Artificial intelligence in all of its forms is a truly wondrous achievement of modern technology. Given the right stimuli, an AI-based machine can learn just about anything, and a man by the name of Makoto Koike found one of the coolest ways to prove that notion. In a move that may make you pause for a second, then whisper to yourself, "That's actually pretty brilliant", Makoto devised a machine that uses AI, with a backend rooted in Google's TensorFlow system, to take the edge off of one of the biggest pain points of growing cucumbers; sorting the different types and qualities.
When it comes to cucumbers, visual qualities hold a surprising amount of information about the vegetable inside the shell. Cucumbers that are extremely high quality tend to be straight, long, deeply and vividly colored, and quite prickly. From there, a cucumber can have a number of lesser qualities that can determine its taste, texture, and other factors. Each of these factors has a visual tell. The issue, Makoto quickly found upon taking on work at his parents' cucumber farm, was that sorting the cucumbers manually was extremely tedious and time-consuming. The lack of clear industry standards make things that much more confusing; every farm has their own standards of quality. That meant that if Makoto wanted to make things easier on himself and his family, he would have to take matters into his own hands.

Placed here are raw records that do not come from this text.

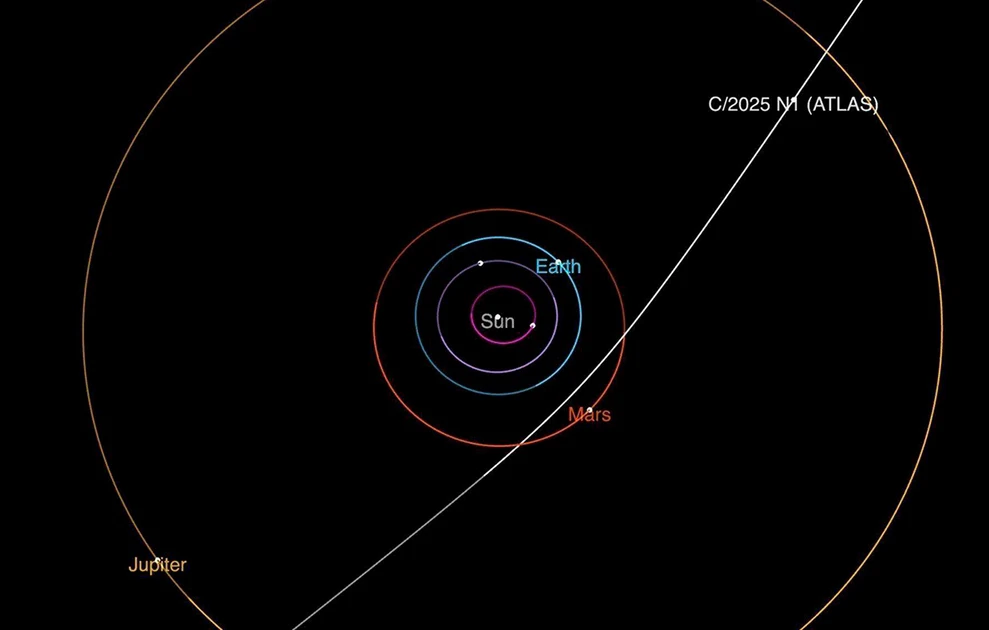 Ο κομήτης 3I/ATLAS διασχίζει το εσωτερικό ηλιακό σύστημα της Γης και καλύπτεται από σύννεφο διοξειδίου του άνθρακα, με αποτέλεσμα να φαίνεται κόκκινος και πως αποπνέει μια φαινομενικά απειλητική ατμόσφαιρα.
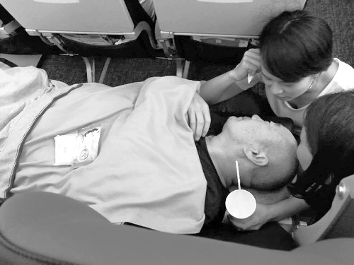 “老伴,你怎么了,快醒醒啊!”一声紧急呼叫声响彻整个机舱,正在休息的郑州大学第一附属医院肿瘤科五病区的护士李莉莉赶忙奔到患者跟前。一位60岁左右的男士(即孙君敖)突发疾病晕厥,面色苍白,大汗淋漓。
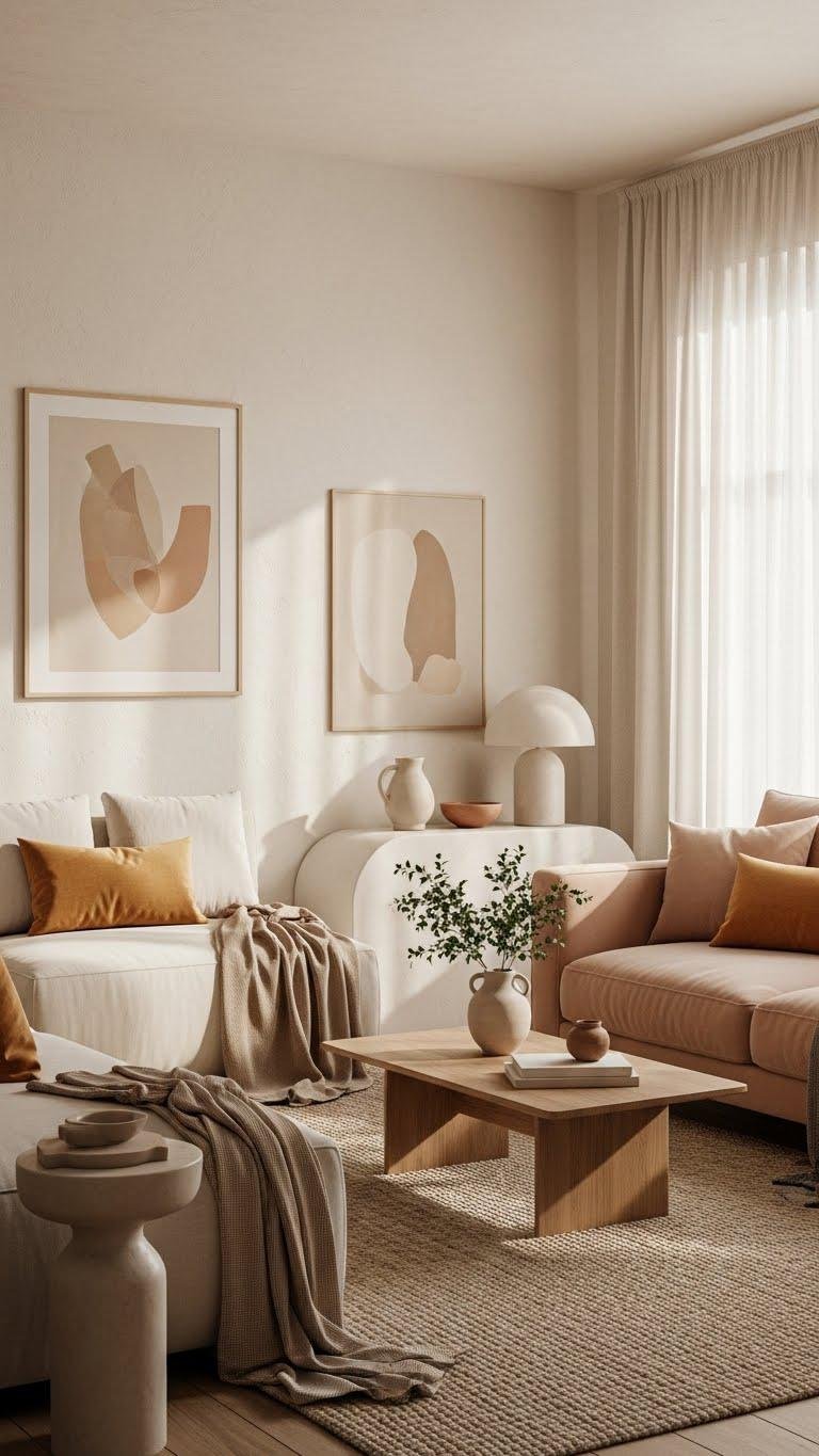 When you choose a soft warm neutral palette, your space feels instantly calm and inviting; creams, warm beiges, gentle taupes, and muted terracottas work together to soften light and highlight textures. You’ll favor muted ochre accents and blush beige upholstery, keeping lines spare and breathable.

Thanks to Google Cloud Platform, he was able to do just that. Makoto created a deep learning AI using Google's TensorFlow. Utilizing the same technology for variable analysis used by DeepMind's AlphaGO, the AI was given a minimum of information about the various types of cucumbers and was eventually able to sort them out with an extremely high success rate. Since sorting cucumbers is a feat that takes humans months to learn, having a scalable AI with the right know-how is quite handy. Makoto's system is deceptively simple; while the backend requires all the normal trappings of running a TensorFlow application, the client is run through only two pieces of low-power hardware. A Raspberry Pi 3-based computer uploads cucumber data to the cloud and pulls down the cloud's sorting advice. From there, the commands are fed to an Arduino Micro that's set up to control a conveyor belt system that picks up the cucumbers, asks the cloud about them, then drops them into the correct bin.